The park itself had three swimming pools and some excellent water slides which were perfect for young-ish children (i.e. not thrill seeking teenagers). My two, aged 8 and 5, loved them. There were also a few little play areas, table tennis and kids’ clubs (which my son wasn’t crazy about, partly because the helpers spoke a lot in French). The children were welcome at the clubs at either of the holiday parks, as there were more children at Le Bois Masson. My eight-year-old, Jessica, soon made friends.

One of the best things about the park was the opportunity for bike-riding. The park felt so safe (cars were not to be driven over 5mph) and the roads were very straight. But I still couldn’t believe it when my daughter (who hadn’t had much luck riding her bike without stabilisers at home) suddenly found she could actually do it. From that moment on, she happily whizzed round and round. To be honest, the holiday would have been worth it for that alone.

Our days fell into a pattern, where we stayed around the park in the morning and went out in the afternoon and for supper. There was a lot to do nearby, and thanks to the excellent weather, we made the most of the beaches.

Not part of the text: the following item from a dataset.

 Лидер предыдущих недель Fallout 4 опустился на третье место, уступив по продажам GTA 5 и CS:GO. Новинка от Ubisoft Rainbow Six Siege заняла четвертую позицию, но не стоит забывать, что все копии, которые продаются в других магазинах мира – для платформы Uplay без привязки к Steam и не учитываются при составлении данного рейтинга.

The nearest beaches were at St Jean de Monts (a short car ride away). These were lovely, as were all the beaches we visited, although because they were so wide there was often a very long walk down to the sea.
It was fabulous to do so many things outdoors. We walked through the woods near St Jean de Monts and found zip wires and swings hanging from the trees. And we also visited the local shops and restaurants, especially the many ice-cream stores.

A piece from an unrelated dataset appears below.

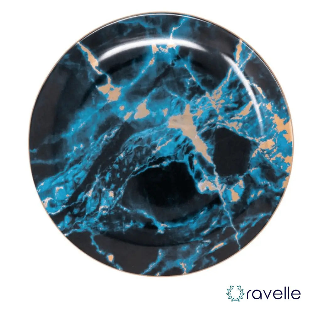 De MICHELANGELO borden set combineert verfijnde marmerprints met fijn porselein voor een stijlvolle toevoeging aan je servies. Deze perfect ronde borden met subtiel vergulde hoeken zijn ideaal voor het serveren en genieten van diverse gerechten, en voegen een vleugje luxe toe aan elke maaltijd.

We travelled a lot, so I would definitely recommend hiring a car (which was also very useful for picking up food from the local supermarkets). The island of Noirmutier was enjoyable as it had a carousel, lots of restaurants, a chateau and a 12th century abbey (good for getting in some culture). On the way back we stopped at the Parc de Loisiers du Gois where the children jumped on inflatables and trampolines and went mini boating and go karting.

On another afternoon, we visited St Gilles Croix de Vie, which is famed for its sardines, and extremely pretty. It also had a carousel and all manner of fairground rides.

Our longest drive was to Les Sables d’Olonne, which took around an hour and a half. It was rather longer than we bargained for, but when we arrived we were overwhelmed, not by the shops (we had been told it was brilliant for shopping, but that’s not so helpful when you have a five-year-old) but by the long, beautiful beach. It was absolutely packed, but still fabulous.

All in all, as you’ve probably guessed, we had a great holiday. I’m not sure if this was because I didn’t have high expectations of it, but I became so sold on the whole mobile home, hiring a car and going to France idea that I’m thinking of doing it again this year…

Need to know:
A seven-night holiday at Le Bois Dormant from 24 July starts from £991 for a family staying in a two-bedroom holiday home, including a discount of £104. A two-bedroom Excellence with terrace (which we  stayed in) starts from £1,236, for seven nights from 24 July.

For more information and to book visit www.siblu.com or call 0871 911 7777. To find out more about the Vendée, head to www.vendee-tourisme.com.

CityJet is the largest carrier operating at London City Airport, offering a choice of nearly 600 flights a week. Flights to Nantes from London City Airport start from £57 one way, including taxes.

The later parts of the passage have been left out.